Most of the studies included in this systematic review have methodologic limitations. Overall, 84% of studies included in this review are at RoB. The quality assessment of the included studies revealed that only 36% of the studies discussed the findings and implications in detail. Furthermore, only four studies included in this review have a multicentric dataset. Only four of the AI models studied are validated on an independent external dataset. Therefore, it is questionable whether the AI models included in this review would generalize to other settings, tasks, and institutions. Out of 50 included studies, 35 (70%) report on accuracy. However, there is a large variation of reported performance metrics among the studies included in this systematic review. Due to the novelty of AI application in the healthcare domain and in surgery in particular, the literature lacks standards in the evaluation of AI methods and their performance. There is an urgent need for the application of guidelines to assess AI models and for studies comparing them head-to-head. Guidelines for early-stage clinical evaluation of AI [73] and clinical trials involving AI [74] have been published recently. However, the studies included in this review are all at a preclinical stage where these guidelines do not apply. A multi-stakeholder initiative recently introduced guidelines and flowcharts on the choice of AI evaluation metrics in the medical image domain [75]. For surgical video analysis this effort still needs to be taken [76].
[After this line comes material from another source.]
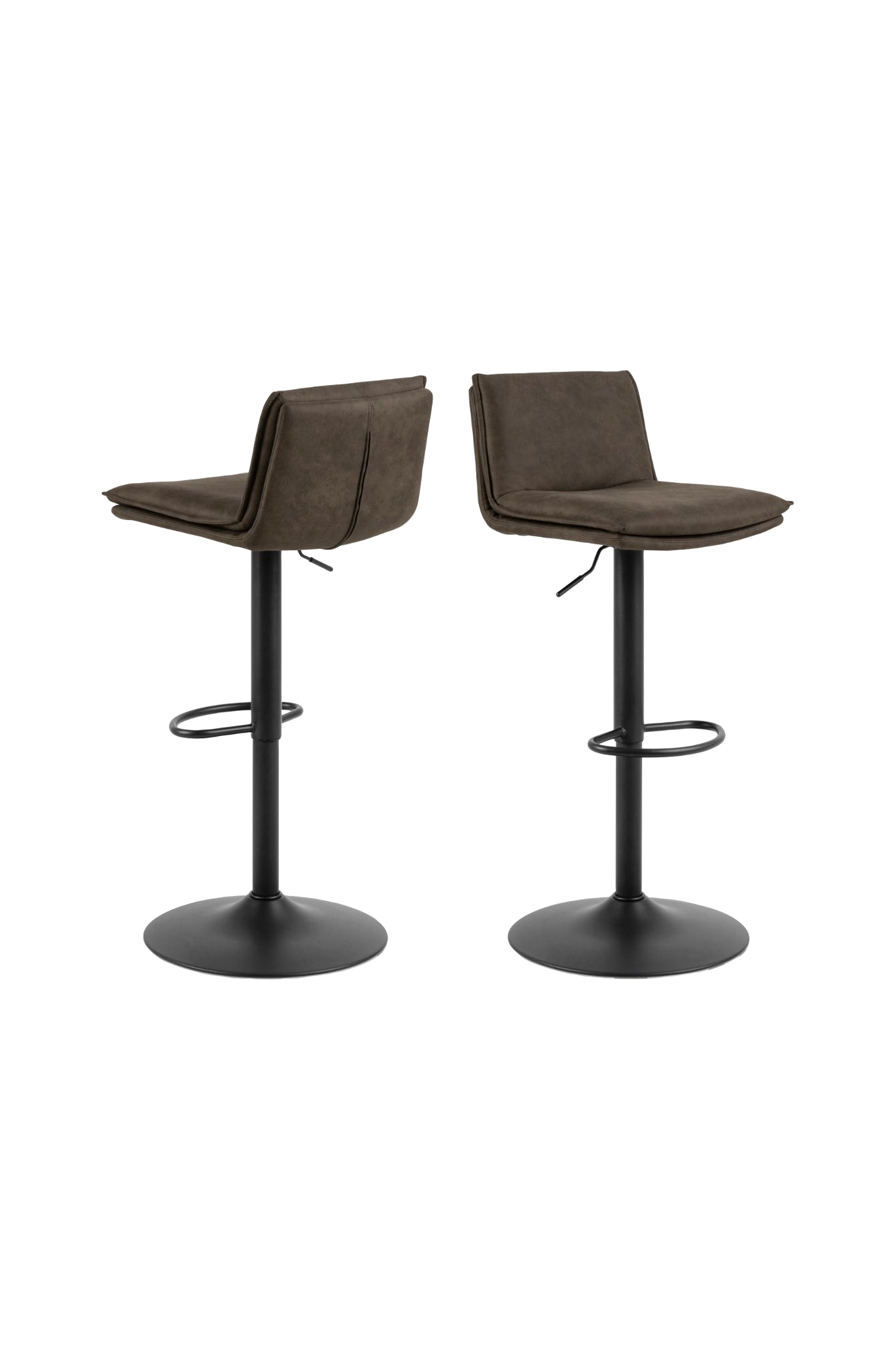 Med sin klassiske silhuett er denne dreibare barkrakken perfekt til morgenkaffen eller kveldsdrinkene. Du får en klassisk barkrakk med noen fine detaljer - bare legg merke til de franske sømmene. Setet, som nesten er formet i ett stykke, er trukket i et antrasittfarget mikrofiberstoff med et spesielt belegg som gir den rå looken. Det grove, pulverlakkerte trompetunderstellet i metall kan justeres slik at det passer til din foretrukne høyde.

This systematic review is limited by the lack of generalizability and methodologic limitations of the included studies. Therefore, the direct comparison of AI models and a meta-analysis summarizing the evidence of included studies is not meaningful. To overcome these limitations valid and representative datasets, the use of predefined performance metrics, and external validation in clinical implementation studies will be essential to develop robust and generalizable AI models for technical skill assessment. In conclusion, AI has great potential to automate technical skill assessment in minimally invasive surgery. AI models showed moderate to high accuracy in technical skill assessment. However, the studies included in this review lack standardization of datasets, performance metrics and external validation. Therefore, we advocate for benchmarking of AI models on valid and representative datasets using predefined performance metrics and testing in clinical implementation studies.